> [Directions for this task] Would you copy out each line of the records below that includes the word "size"?

> [Dataset extract]
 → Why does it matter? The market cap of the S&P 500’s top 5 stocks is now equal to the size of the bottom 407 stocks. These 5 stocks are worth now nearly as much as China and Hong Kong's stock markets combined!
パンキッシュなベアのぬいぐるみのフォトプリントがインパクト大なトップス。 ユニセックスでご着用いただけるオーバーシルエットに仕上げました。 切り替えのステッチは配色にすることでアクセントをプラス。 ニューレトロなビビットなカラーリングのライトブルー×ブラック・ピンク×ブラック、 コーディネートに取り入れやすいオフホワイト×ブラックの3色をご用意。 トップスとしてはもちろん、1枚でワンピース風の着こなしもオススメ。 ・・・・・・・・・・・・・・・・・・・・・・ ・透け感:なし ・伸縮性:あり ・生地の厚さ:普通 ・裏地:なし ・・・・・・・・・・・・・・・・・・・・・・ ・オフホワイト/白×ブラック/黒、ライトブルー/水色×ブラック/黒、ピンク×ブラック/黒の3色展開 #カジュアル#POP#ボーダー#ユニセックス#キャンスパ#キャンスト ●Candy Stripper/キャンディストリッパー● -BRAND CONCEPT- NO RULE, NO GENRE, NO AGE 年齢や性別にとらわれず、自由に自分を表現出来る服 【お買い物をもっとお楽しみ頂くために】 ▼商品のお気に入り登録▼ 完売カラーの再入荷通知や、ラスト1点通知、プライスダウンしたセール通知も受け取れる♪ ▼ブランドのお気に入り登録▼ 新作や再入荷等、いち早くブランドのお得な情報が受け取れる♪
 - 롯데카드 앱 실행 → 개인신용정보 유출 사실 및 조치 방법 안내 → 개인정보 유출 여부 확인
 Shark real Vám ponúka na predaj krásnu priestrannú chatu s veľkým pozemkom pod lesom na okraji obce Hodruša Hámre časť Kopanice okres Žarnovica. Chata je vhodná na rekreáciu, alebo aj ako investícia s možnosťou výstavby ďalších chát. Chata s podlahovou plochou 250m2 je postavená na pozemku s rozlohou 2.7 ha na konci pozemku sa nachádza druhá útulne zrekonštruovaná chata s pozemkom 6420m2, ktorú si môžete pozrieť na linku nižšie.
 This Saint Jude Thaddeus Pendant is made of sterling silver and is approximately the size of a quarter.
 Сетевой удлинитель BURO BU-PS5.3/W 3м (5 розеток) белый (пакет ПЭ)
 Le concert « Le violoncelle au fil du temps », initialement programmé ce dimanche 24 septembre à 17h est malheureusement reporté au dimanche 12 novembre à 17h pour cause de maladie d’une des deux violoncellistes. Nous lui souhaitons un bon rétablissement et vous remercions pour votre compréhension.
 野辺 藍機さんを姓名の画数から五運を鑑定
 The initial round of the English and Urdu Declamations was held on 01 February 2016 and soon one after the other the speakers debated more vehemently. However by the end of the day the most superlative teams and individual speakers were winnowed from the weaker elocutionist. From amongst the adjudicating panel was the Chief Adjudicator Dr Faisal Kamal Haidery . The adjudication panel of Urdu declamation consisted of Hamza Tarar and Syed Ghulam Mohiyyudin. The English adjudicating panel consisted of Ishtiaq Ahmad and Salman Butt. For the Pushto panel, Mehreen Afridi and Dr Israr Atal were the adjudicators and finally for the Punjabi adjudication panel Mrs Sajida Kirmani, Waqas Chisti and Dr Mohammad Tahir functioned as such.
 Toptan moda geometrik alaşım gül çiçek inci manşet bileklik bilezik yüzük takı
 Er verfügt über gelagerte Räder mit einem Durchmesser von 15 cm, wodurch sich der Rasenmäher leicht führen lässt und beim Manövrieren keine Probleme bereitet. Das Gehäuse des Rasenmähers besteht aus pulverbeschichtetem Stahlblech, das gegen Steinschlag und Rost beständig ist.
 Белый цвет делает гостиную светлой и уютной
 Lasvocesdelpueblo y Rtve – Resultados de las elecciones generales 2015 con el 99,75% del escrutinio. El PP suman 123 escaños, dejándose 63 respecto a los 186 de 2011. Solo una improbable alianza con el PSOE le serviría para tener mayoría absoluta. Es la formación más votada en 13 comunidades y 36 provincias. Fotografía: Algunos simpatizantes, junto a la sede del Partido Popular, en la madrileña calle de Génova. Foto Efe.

> [Written answer]
 → Why does it matter? The market cap of the S&P 500’s top 5 stocks is now equal to the size of the bottom 407 stocks. These 5 stocks are worth now nearly as much as China and Hong Kong's stock markets combined!
 This Saint Jude Thaddeus Pendant is made of sterling silver and is approximately the size of a quarter.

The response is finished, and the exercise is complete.